Ginna and Dana are an older couple. She is a bit of a ditz (self-proclaimed) and he is a pragmatic activist. I enjoy their company a lot. She has missing email that I think was missing the last time I talked to her which was a few years ago. Uses Mac Mail to import her Gmail, has a lot of empty folders in both places. I had tried then to talk to her about recovering it via Time Machine (hopefully) but she hadn't done that and was back with the same question so I gave her the same answer.

Dana has duplicate photos everywhere and uses iCloud and Google Photos and wants to only pay for storage in one of them. It's no small thing to untangle, which service is sharing images to which other one.

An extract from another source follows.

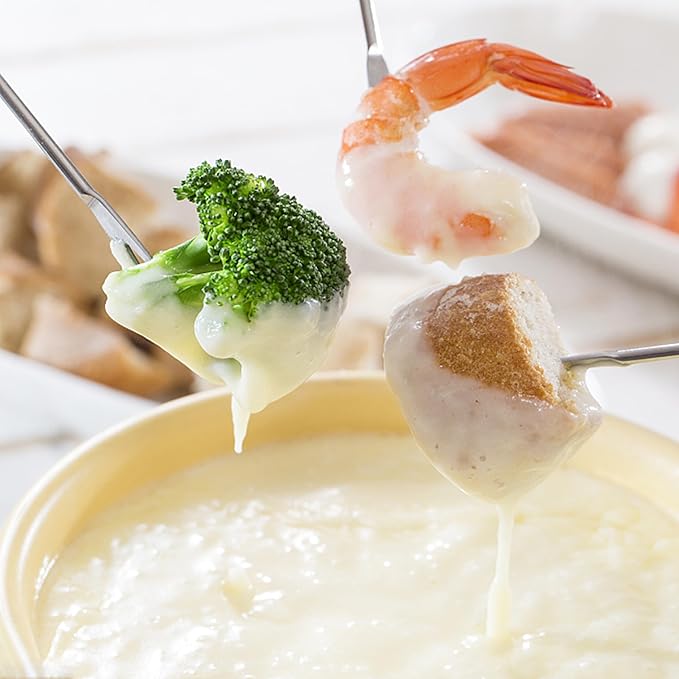 • STAINLESS STEEL FONDUE FORKS: lightweight, well-made, and super sturdy. Generally use them to eat fruits, marshmallows, etc. Perfect for a chocolate fondue fountain party, cheese fondue, roast, etc.

I was fairly certain I knew what was going where, so Dana started deleting some "bear in my yard" videos (we all have them) from Google and then looking to see if they were still on his iPad (they were). Phew.

I ended the day talking to Caitlin from the VT Council on Aging about resources available for older folks who need help with technology. They had a person in a job doing that, and they were really worried about future funding and wanted to see if partnerships could help fill gaps. I felt they might be able to and rattled off some good orgs to know about. Felt useful and like "Oh right, I've been in this scene for a LONG time now..."

Final thing, my friend Taran from high school now works in a tech co-op in the Bay Area and has been branching out and doing some tech help at SFPL recently.

We've been trading stories and he asked me what was in my gear bag. I thought it was a good opportunity to ask myself "yeah what IS in there?" Enjoy. Descriptions in alt text. EOM.

@jessamyn love that the bag is mesh. Mine is not. I have one of those key USBs too :) I think it has a bootable macOS on it (High Sierra?)
@jessamyn both lexar and sandisk sell dual flash drives now… usb-a on one end and usb-c on the other. really great for bridging between disparate systems.
@bruceoberg That sounds useful. I basically have one USB-A machine, one USB-C machine and one that still has a lightning charger.

@jessamyn

The paperclips are how I know you've had real world experience.

@jessamyn I am the Speaker To Tech for some elderly relatives and holy shit I have no idea how people expect tech-challenged folks to navigate through the world without having someone like me on tap.